=== Section Start ===

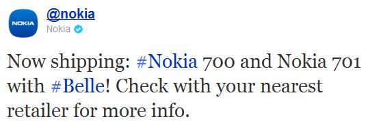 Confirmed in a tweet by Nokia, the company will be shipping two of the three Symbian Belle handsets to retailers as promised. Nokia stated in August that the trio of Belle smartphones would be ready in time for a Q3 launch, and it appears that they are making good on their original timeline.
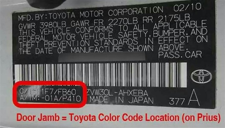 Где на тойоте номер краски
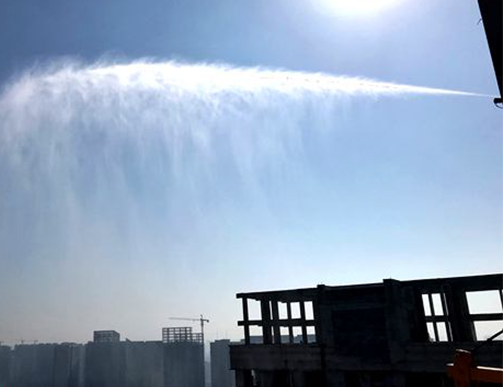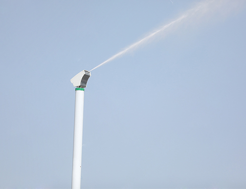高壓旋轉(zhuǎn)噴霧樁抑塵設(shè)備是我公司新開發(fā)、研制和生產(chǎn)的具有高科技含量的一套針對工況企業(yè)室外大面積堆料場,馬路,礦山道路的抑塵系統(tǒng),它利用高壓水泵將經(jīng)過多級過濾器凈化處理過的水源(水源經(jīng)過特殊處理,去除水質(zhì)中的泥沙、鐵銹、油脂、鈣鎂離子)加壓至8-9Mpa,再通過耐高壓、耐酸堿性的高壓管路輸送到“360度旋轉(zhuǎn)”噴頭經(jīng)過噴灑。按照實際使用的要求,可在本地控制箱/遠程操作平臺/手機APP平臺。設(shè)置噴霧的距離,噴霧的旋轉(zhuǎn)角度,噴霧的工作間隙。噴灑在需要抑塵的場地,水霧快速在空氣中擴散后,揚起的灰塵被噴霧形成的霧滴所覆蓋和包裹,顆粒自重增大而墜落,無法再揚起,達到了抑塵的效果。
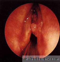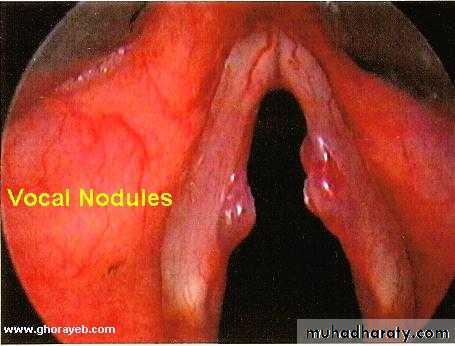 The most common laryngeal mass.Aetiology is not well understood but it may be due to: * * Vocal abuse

=== Section End ===

> _EXERCISE DESCRIPTION_
To complete this exercise, transcribe exactly the lines above from the one that holds "Где на тойоте номер краски" through the one that holds "高壓旋轉(zhuǎn)噴霧樁". Pictures stay out.

> _RESPONSE FOR THIS EXERCISE_
 Где на тойоте номер краски
高壓旋轉(zhuǎn)噴霧樁抑塵設(shè)備是我公司新開發(fā)、研制和生產(chǎn)的具有高科技含量的一套針對工況企業(yè)室外大面積堆料場,馬路,礦山道路的抑塵系統(tǒng),它利用高壓水泵將經(jīng)過多級過濾器凈化處理過的水源(水源經(jīng)過特殊處理,去除水質(zhì)中的泥沙、鐵銹、油脂、鈣鎂離子)加壓至8-9Mpa,再通過耐高壓、耐酸堿性的高壓管路輸送到“360度旋轉(zhuǎn)”噴頭經(jīng)過噴灑。按照實際使用的要求,可在本地控制箱/遠程操作平臺/手機APP平臺。設(shè)置噴霧的距離,噴霧的旋轉(zhuǎn)角度,噴霧的工作間隙。噴灑在需要抑塵的場地,水霧快速在空氣中擴散后,揚起的灰塵被噴霧形成的霧滴所覆蓋和包裹,顆粒自重增大而墜落,無法再揚起,達到了抑塵的效果。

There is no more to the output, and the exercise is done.